In the records below, find the line with "Características | 100cm.", then retype it and every following line exactly, stopping after the line with "La recharge s'installe". Leave the pictures out.
--- INPUT FOR THIS TASK ---
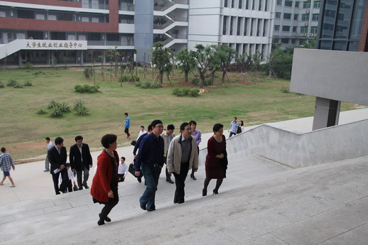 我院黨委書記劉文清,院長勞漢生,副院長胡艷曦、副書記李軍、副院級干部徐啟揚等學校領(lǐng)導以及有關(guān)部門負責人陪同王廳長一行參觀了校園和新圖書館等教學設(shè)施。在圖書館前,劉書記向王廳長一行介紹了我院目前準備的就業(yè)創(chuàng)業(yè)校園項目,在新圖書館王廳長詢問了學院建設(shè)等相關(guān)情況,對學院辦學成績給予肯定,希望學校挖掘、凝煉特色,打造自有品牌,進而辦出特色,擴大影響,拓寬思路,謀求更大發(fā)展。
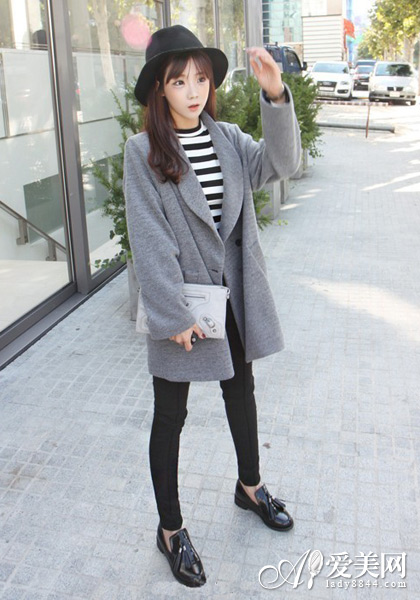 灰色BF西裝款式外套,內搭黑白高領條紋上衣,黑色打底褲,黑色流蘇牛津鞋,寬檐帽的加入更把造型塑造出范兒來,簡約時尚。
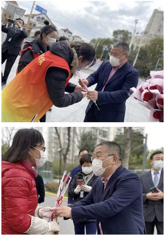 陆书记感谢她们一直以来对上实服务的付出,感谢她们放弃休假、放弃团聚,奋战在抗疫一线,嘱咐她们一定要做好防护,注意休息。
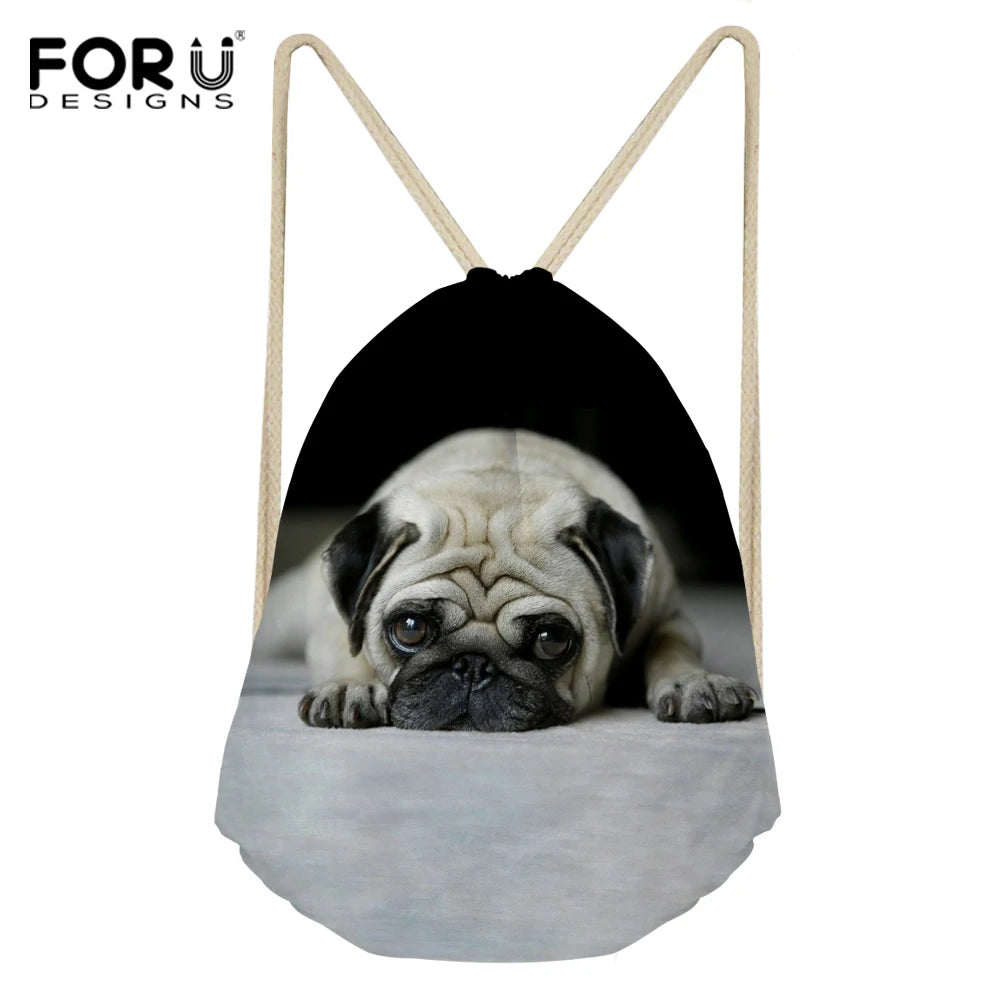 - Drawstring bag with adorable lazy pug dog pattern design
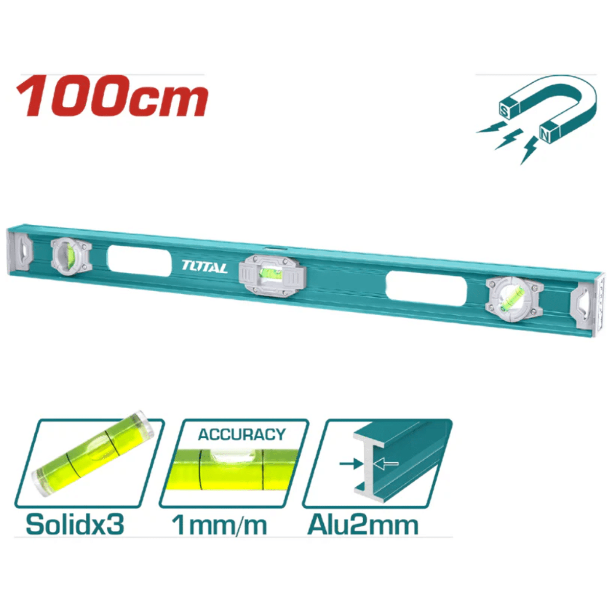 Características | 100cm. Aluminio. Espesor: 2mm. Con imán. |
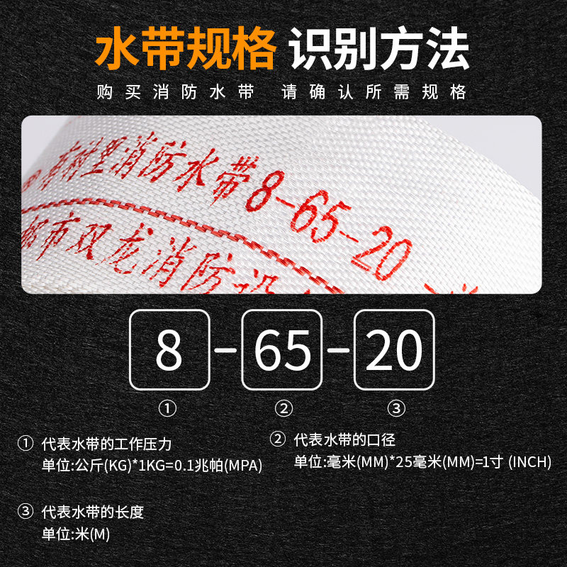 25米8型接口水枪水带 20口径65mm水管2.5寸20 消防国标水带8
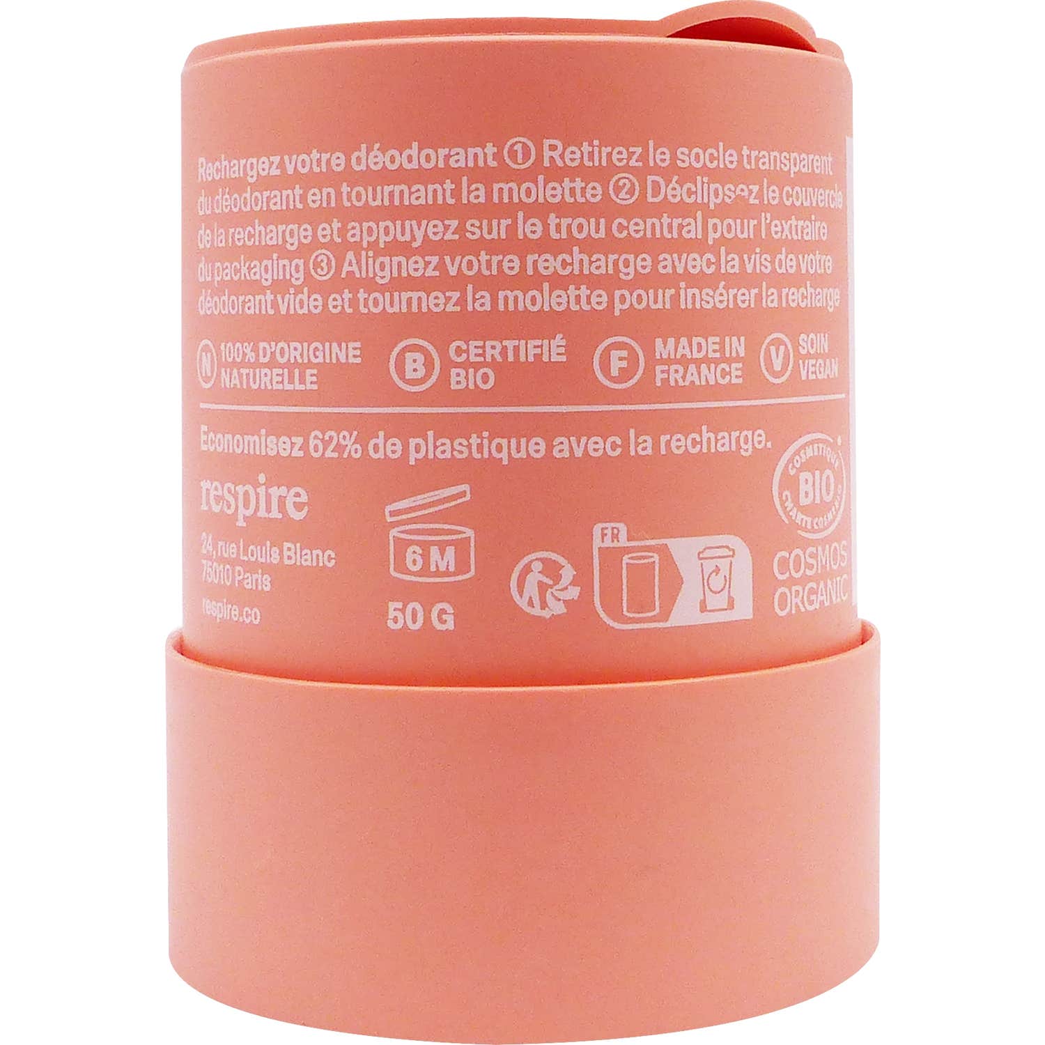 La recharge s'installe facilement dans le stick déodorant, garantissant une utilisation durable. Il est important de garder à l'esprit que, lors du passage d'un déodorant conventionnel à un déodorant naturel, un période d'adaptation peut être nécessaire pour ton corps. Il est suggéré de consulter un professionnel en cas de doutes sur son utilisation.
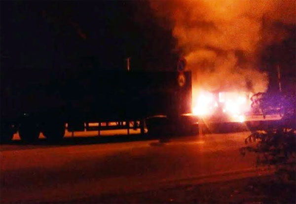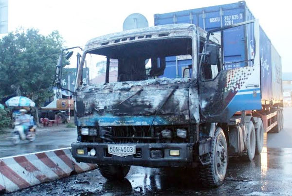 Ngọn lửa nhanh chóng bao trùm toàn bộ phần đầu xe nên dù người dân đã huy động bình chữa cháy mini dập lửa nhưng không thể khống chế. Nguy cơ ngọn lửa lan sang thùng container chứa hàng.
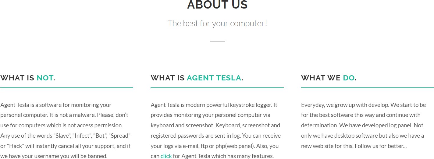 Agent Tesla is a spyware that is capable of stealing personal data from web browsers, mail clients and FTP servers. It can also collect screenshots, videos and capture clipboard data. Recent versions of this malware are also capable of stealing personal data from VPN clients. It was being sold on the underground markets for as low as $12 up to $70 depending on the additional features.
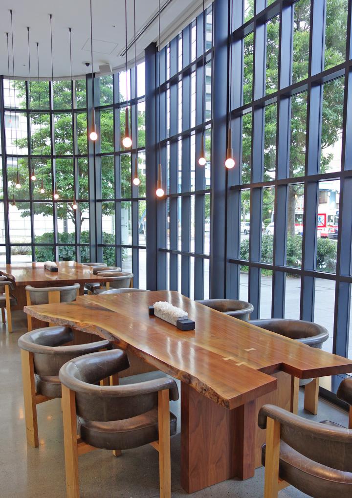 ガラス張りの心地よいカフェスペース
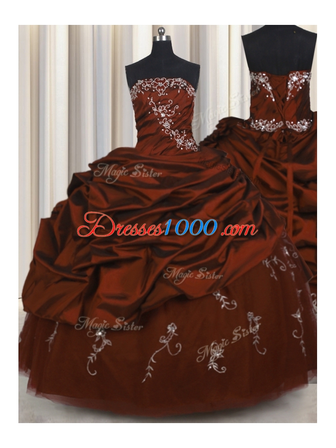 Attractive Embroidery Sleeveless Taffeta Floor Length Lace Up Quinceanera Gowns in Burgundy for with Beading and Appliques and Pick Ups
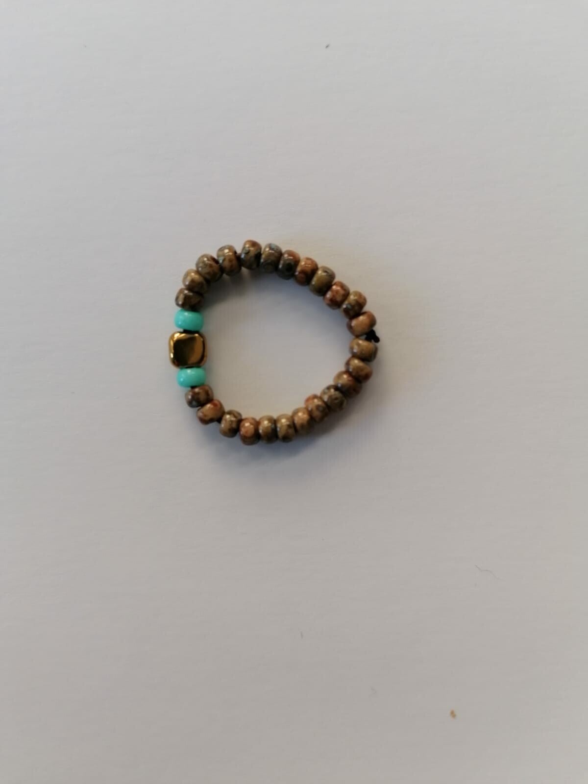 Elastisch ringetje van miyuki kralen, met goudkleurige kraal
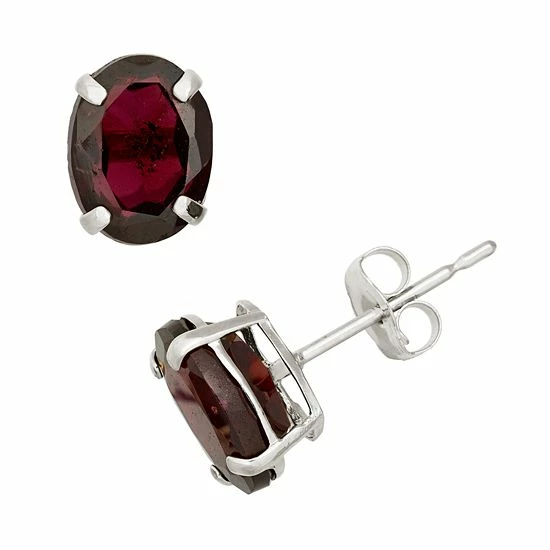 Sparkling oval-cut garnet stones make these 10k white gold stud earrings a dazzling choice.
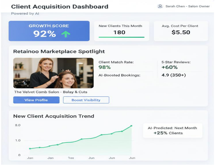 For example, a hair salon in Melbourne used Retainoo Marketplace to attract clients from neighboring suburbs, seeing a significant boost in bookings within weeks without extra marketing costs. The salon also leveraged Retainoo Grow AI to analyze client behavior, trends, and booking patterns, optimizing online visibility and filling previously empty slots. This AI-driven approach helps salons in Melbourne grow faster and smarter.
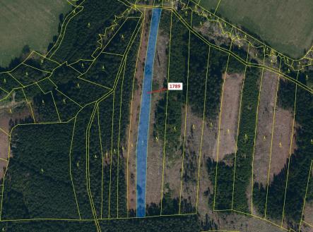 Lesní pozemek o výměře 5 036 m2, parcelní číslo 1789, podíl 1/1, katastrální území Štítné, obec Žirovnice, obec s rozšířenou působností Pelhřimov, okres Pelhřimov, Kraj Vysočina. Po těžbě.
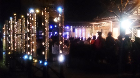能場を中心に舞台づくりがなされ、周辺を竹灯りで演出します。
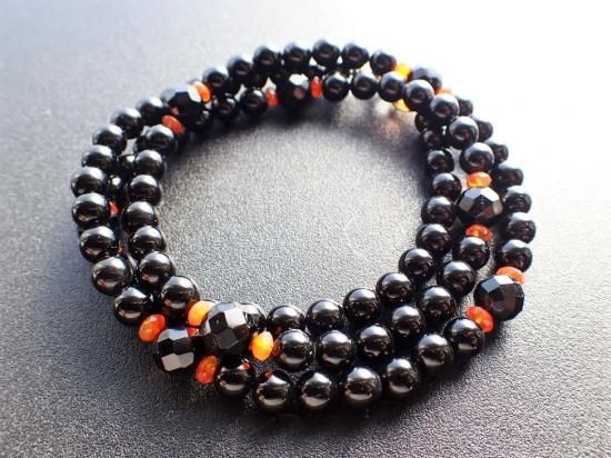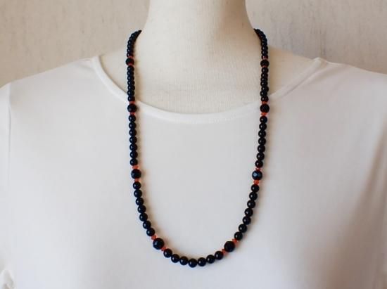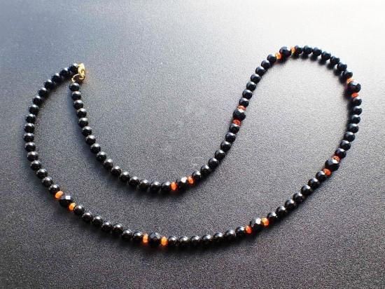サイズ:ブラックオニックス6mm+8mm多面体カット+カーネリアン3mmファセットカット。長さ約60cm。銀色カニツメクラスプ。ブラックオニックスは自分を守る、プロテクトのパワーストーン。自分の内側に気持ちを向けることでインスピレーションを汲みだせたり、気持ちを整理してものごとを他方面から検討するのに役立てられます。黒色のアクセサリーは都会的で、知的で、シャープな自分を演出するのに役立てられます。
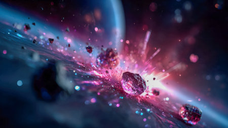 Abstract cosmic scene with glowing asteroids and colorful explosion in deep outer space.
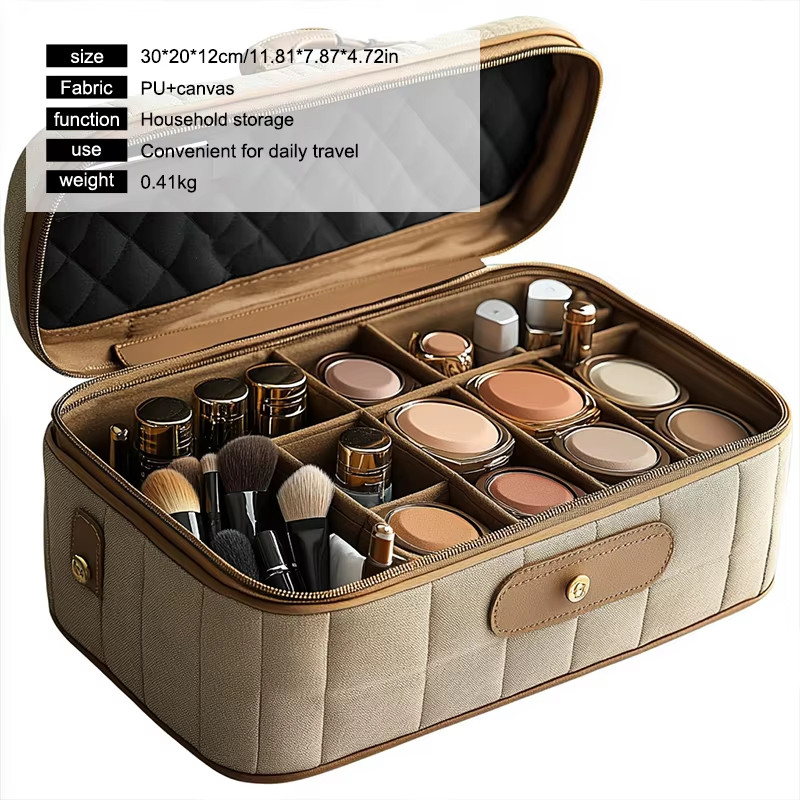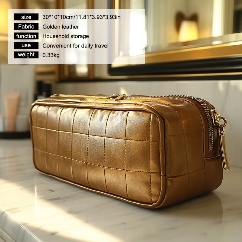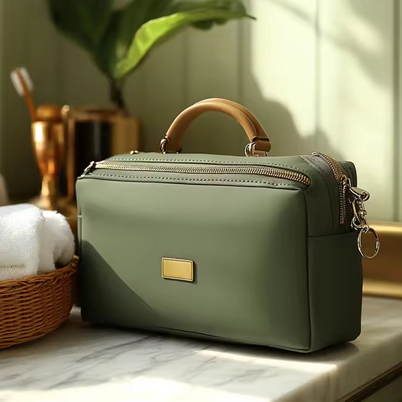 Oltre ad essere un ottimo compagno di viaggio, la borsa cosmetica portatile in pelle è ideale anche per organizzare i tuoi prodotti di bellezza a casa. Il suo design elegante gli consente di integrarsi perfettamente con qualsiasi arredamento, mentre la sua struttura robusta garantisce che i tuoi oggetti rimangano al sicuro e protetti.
---
**RESPONSE BELOW**
 Características | 100cm. Aluminio. Espesor: 2mm. Con imán. |
 25米8型接口水枪水带 20口径65mm水管2.5寸20 消防国标水带8
 La recharge s'installe facilement dans le stick déodorant, garantissant une utilisation durable. Il est important de garder à l'esprit que, lors du passage d'un déodorant conventionnel à un déodorant naturel, un période d'adaptation peut être nécessaire pour ton corps. Il est suggéré de consulter un professionnel en cas de doutes sur son utilisation.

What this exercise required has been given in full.